Audition
was a whole new challenge. I entered three months into the school year. The curriculum was entirely foreign to me. I had teachers who didn’t know me from Adam, let alone Eve. They not only had to cope with me and what I knew or didn’t know, but with a whole bunch of other kids whose parents had come to Miami Beach just for the winter months.
    It was a public school, not too big, and coed, but I was a shy, introverted child and I felt I had to audition for a new role I didn’t know how to play. I coped by doing more homework than was probably necessary and hoping that this would be a day when Phyllis and I could play together.
    The dress code also bothered me. It was, after all, Florida, sunny and warm, and many of the girls in my class wore shorts. (We were in the dark ages before the universal wearing of jeans.) But I thought my legs were too skinny to be displayed, so shorts were not for me. I wore blouses and skirts. My mother and I went to Lincoln Road, the chic shopping street in Miami Beach, and we bought a whole new wardrobe. We packed away the heavy sweaters and mostly plaid wool skirts I had worn in Brookline, but we didn’t buy one pair of shorts.
    I don’t remember any sporting activities. You would think we would go to the beach and swim now and then, but we never did. It was okay with me not to have sports. I have never been particularly athletic. Overall the school was an all-right experience for me. Not great, not bad, not memorable.
    I adjusted pretty well. After doing my homework when I got home from school, I played with my dolls. I absolutely loved my doll’s house and could play for hours in happy solitude. I was also, then as now, a voracious reader and could easily get lost for hours in a book. Then, too, the island was one of the attractions on the sightseeing boat tours around Biscayne Bay, and I would often wander down to the dock and sit there, alone, waving at the passing tourists.
    A bigger adventure was to ride my bike past Al Capone’s house, hoping to catch a glimpse of the infamous Public Enemy Number One, though I never did. Having spent the last eight years in jail for tax evasion, Capone had arrived back at his house on Palm Island in 1939 at about the same time we did. He was much more of a gangster than Mr. Dwyer. Al Capone had been a massive bootlegger, alleged murderer, and the Chicago gang leader who is thought to have masterminded the 1929 St. Valentine’s Day massacre, in which seven rival gang members were gunned down.
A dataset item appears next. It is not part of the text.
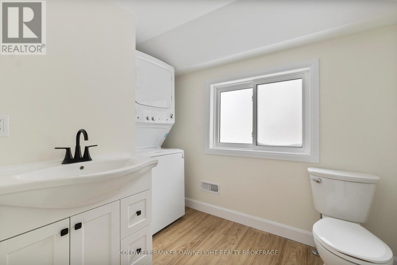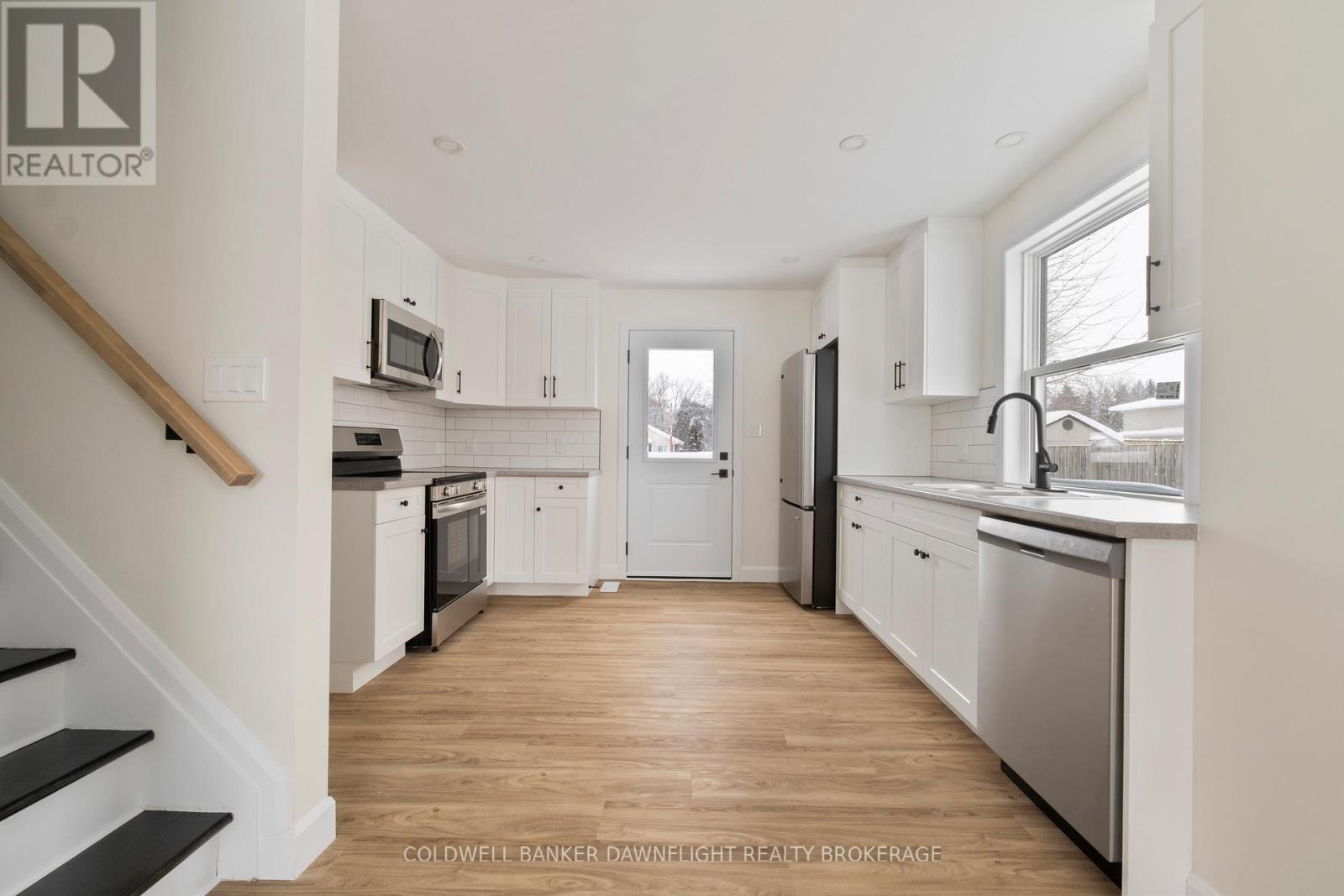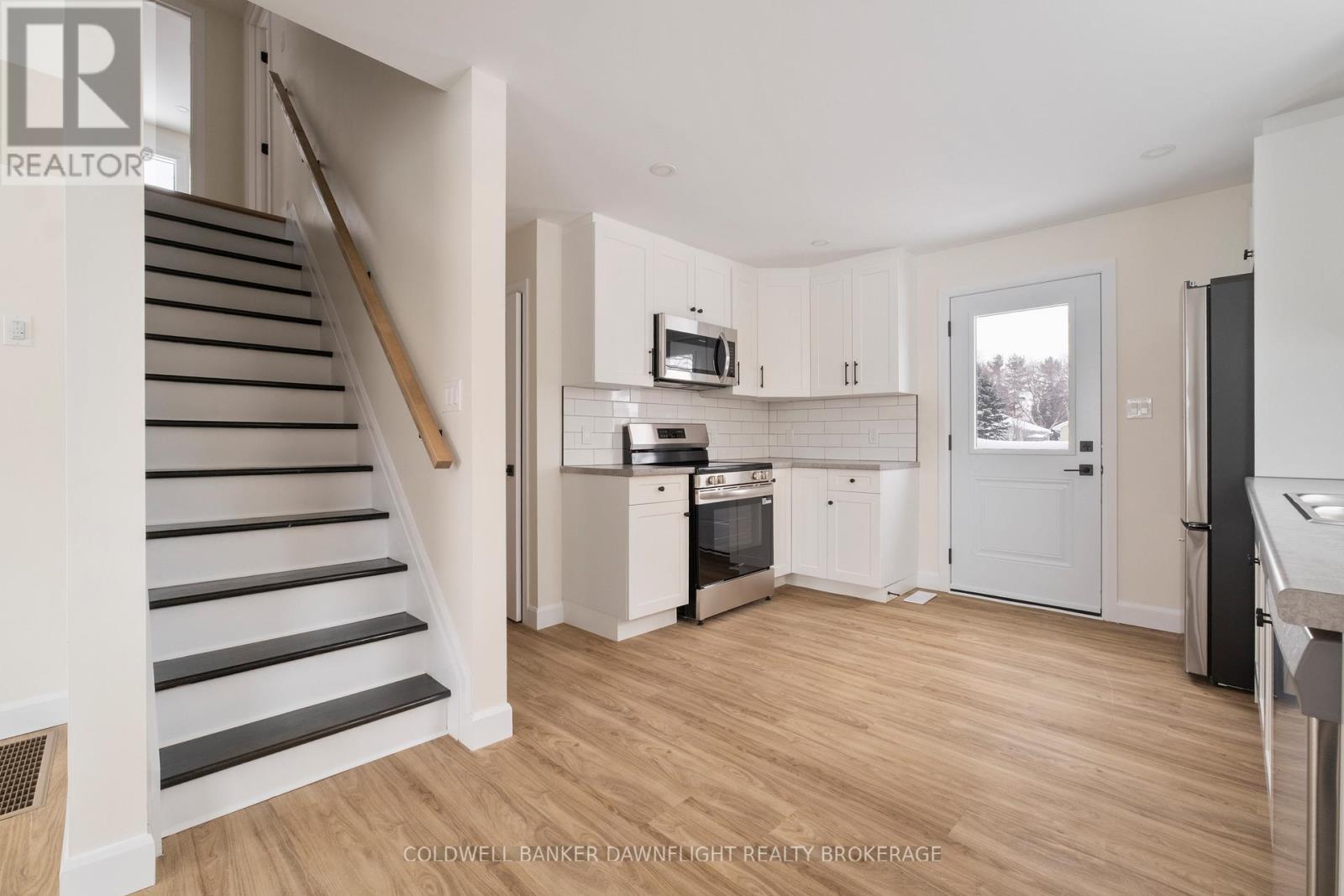 Recently renovated from the studs, this move in ready three bedroom, one bathroom unit offers modern comfort and thoughtful design. The main floor features an open concept layout with clear sightlines between the spacious kitchen and bright living area, highlighted by a large front window that fills the space with natural light. The kitchen is equipped with stainless steel appliances, soft close drawers, and a convenient pantry, with access to a small deck and backyard through the rear entrance. Upstairs, you'll find three well proportioned bedrooms, a stylish four piece bathroom, and the convenience of in-suite laundry. Additional storage space is available in the accessible basement. This unit also includes parking for two to three vehicles, providing practical benefits to complement its fresh interior. Ready for immediate possession. (id:51300)

By the time he returned to Palm Island, he was sick with late-stage syphilis and suffering from dementia, but I didn’t know anything about that. Nor, apparently, did my father, who wrote that Al Capone was an occasional visitor to the Latin Quarter, where he sat at the bar, sipped a club soda, and paid with a twenty-dollar bill out of the wad of new bills in his pocket. “He never interfered with anyone and believe me, no one wanted to interfere with him,” my father wrote. When Al Capone died in 1947 as peacefully as if he were “a buttonhole maker,” my father recalled, there was “just a bartender to mourn his passing.”
    As I write about my young life on Palm Island, it sounds rather like Eloise at the Plaza, except that Palm Island was no chic hotel. Nor did Eloise spend days at a racetrack and weekend evenings in a nightclub lighting booth.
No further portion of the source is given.